| Required work |
Return the stretch from the line with "ฉะเชิงเทรา 21 ก.พ." through the line with "Can't install CS6" in the data below, character for character, skipping all pictures.

| Dataset entries |
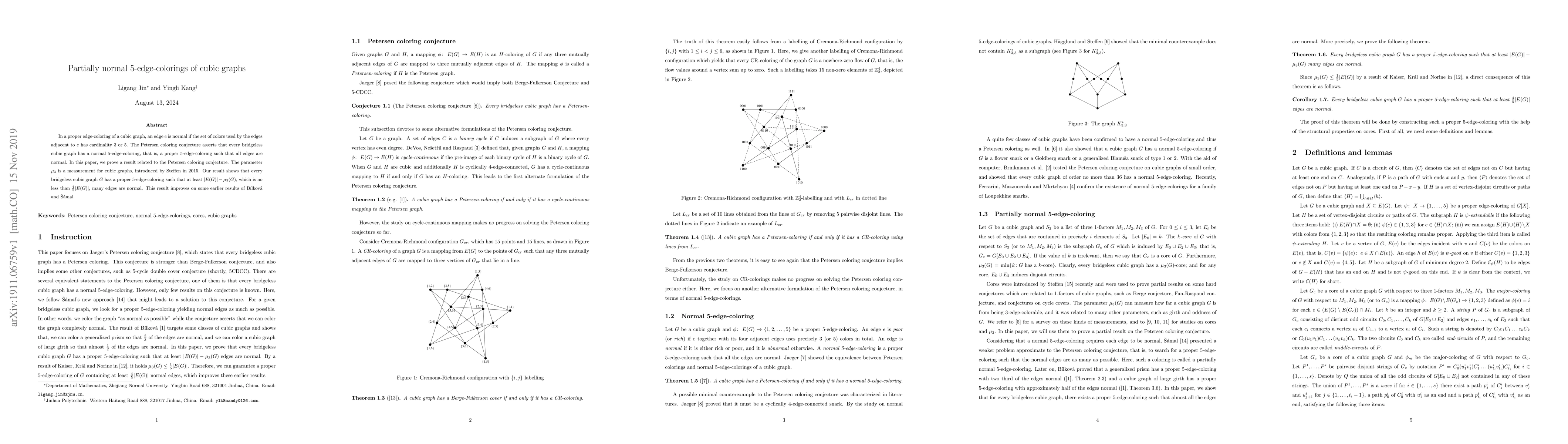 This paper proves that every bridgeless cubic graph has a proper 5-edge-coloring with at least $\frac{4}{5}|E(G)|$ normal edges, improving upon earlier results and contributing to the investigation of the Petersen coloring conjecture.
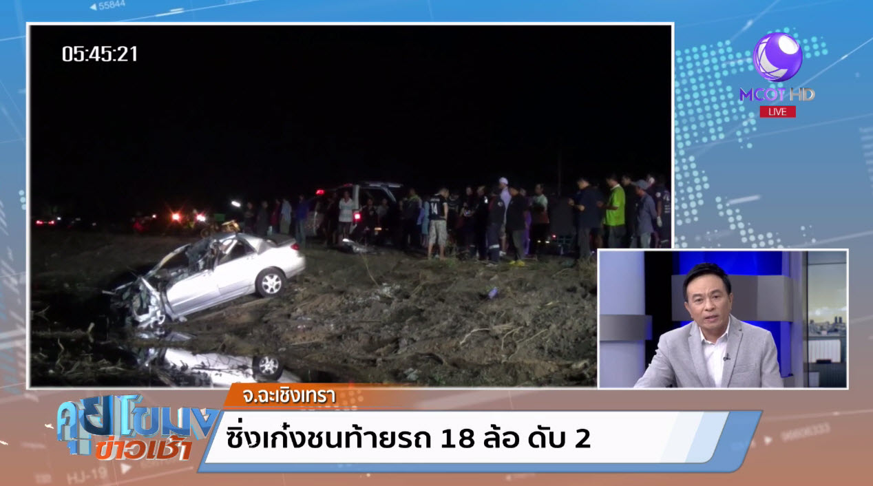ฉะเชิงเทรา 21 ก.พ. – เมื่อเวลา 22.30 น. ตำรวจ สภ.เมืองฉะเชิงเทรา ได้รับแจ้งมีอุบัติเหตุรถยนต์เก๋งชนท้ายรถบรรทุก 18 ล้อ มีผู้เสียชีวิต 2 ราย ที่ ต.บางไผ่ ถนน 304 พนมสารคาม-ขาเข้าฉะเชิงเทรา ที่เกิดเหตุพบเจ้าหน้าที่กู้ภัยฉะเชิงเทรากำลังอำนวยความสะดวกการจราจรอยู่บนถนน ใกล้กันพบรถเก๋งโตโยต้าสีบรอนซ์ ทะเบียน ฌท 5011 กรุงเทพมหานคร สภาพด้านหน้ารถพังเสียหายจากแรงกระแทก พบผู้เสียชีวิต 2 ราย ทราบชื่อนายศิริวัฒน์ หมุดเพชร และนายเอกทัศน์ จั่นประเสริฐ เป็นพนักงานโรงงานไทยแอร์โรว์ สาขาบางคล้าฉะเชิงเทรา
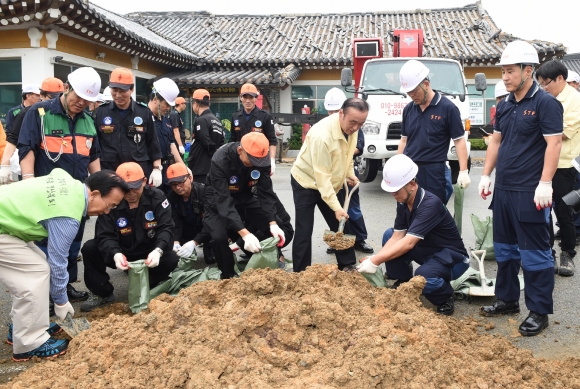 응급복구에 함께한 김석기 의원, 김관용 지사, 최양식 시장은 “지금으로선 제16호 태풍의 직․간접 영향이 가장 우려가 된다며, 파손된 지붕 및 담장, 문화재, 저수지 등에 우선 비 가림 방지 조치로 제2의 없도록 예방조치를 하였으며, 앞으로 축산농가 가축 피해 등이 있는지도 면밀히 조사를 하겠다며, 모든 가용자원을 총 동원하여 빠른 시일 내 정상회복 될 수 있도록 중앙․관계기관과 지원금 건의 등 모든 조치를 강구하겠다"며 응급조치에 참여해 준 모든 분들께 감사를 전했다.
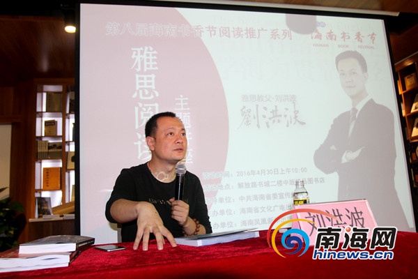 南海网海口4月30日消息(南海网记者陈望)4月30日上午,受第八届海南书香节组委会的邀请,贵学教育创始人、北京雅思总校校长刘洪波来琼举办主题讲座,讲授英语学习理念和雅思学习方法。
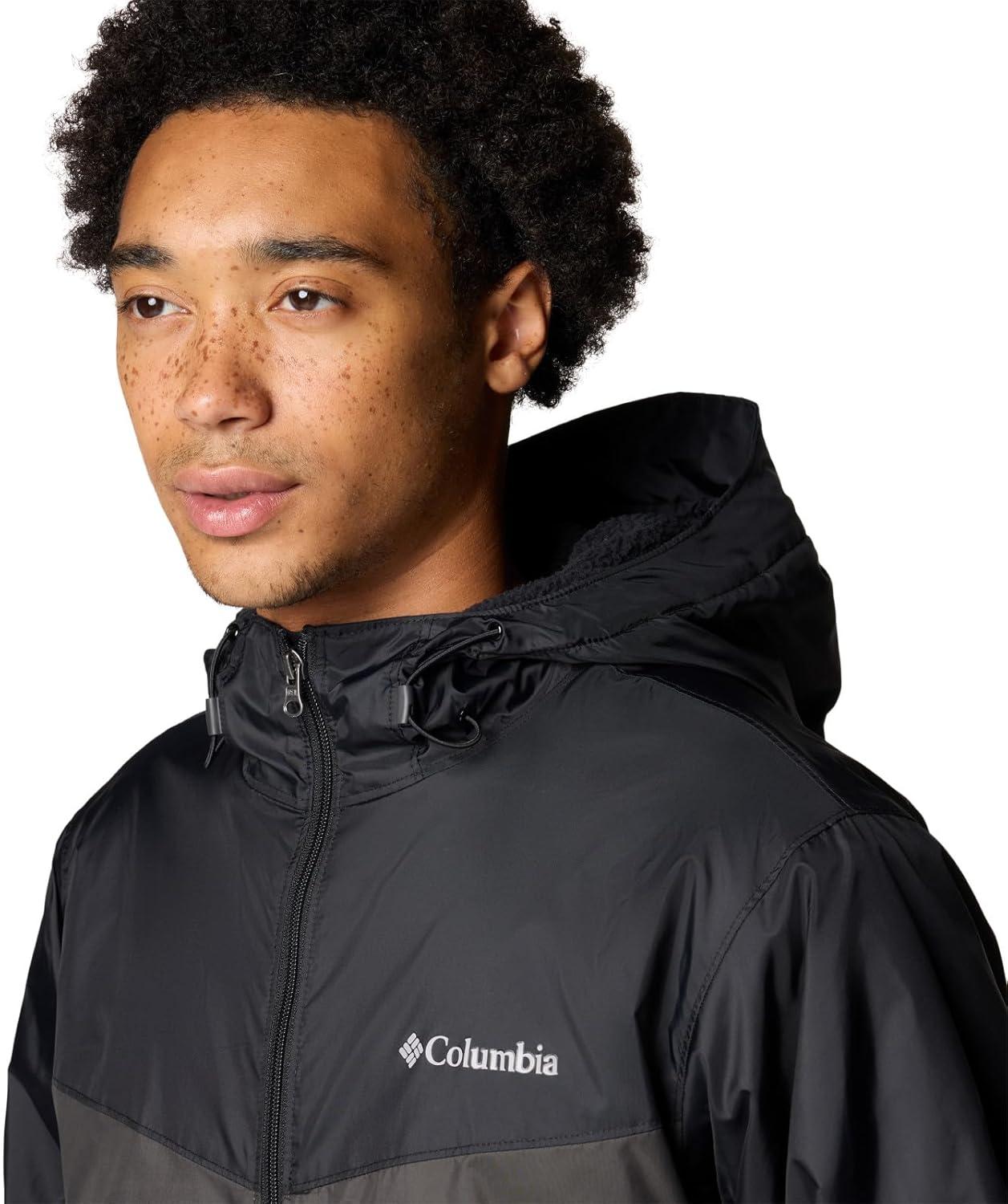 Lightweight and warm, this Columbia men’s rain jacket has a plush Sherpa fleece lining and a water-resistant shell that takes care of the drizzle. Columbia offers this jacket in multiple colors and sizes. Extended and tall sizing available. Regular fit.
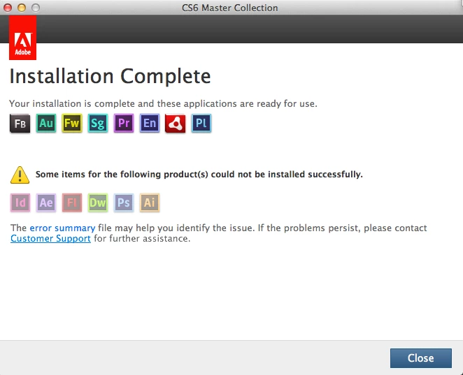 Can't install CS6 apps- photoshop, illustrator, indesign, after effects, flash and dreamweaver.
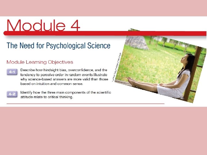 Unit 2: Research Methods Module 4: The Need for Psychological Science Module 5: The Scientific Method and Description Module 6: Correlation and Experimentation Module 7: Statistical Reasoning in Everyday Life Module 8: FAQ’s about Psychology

| Answer space |
ฉะเชิงเทรา 21 ก.พ. – เมื่อเวลา 22.30 น. ตำรวจ สภ.เมืองฉะเชิงเทรา ได้รับแจ้งมีอุบัติเหตุรถยนต์เก๋งชนท้ายรถบรรทุก 18 ล้อ มีผู้เสียชีวิต 2 ราย ที่ ต.บางไผ่ ถนน 304 พนมสารคาม-ขาเข้าฉะเชิงเทรา ที่เกิดเหตุพบเจ้าหน้าที่กู้ภัยฉะเชิงเทรากำลังอำนวยความสะดวกการจราจรอยู่บนถนน ใกล้กันพบรถเก๋งโตโยต้าสีบรอนซ์ ทะเบียน ฌท 5011 กรุงเทพมหานคร สภาพด้านหน้ารถพังเสียหายจากแรงกระแทก พบผู้เสียชีวิต 2 ราย ทราบชื่อนายศิริวัฒน์ หมุดเพชร และนายเอกทัศน์ จั่นประเสริฐ เป็นพนักงานโรงงานไทยแอร์โรว์ สาขาบางคล้าฉะเชิงเทรา
 응급복구에 함께한 김석기 의원, 김관용 지사, 최양식 시장은 “지금으로선 제16호 태풍의 직․간접 영향이 가장 우려가 된다며, 파손된 지붕 및 담장, 문화재, 저수지 등에 우선 비 가림 방지 조치로 제2의 없도록 예방조치를 하였으며, 앞으로 축산농가 가축 피해 등이 있는지도 면밀히 조사를 하겠다며, 모든 가용자원을 총 동원하여 빠른 시일 내 정상회복 될 수 있도록 중앙․관계기관과 지원금 건의 등 모든 조치를 강구하겠다"며 응급조치에 참여해 준 모든 분들께 감사를 전했다.
 南海网海口4月30日消息(南海网记者陈望)4月30日上午,受第八届海南书香节组委会的邀请,贵学教育创始人、北京雅思总校校长刘洪波来琼举办主题讲座,讲授英语学习理念和雅思学习方法。
 Lightweight and warm, this Columbia men’s rain jacket has a plush Sherpa fleece lining and a water-resistant shell that takes care of the drizzle. Columbia offers this jacket in multiple colors and sizes. Extended and tall sizing available. Regular fit.
 Can't install CS6 apps- photoshop, illustrator, indesign, after effects, flash and dreamweaver.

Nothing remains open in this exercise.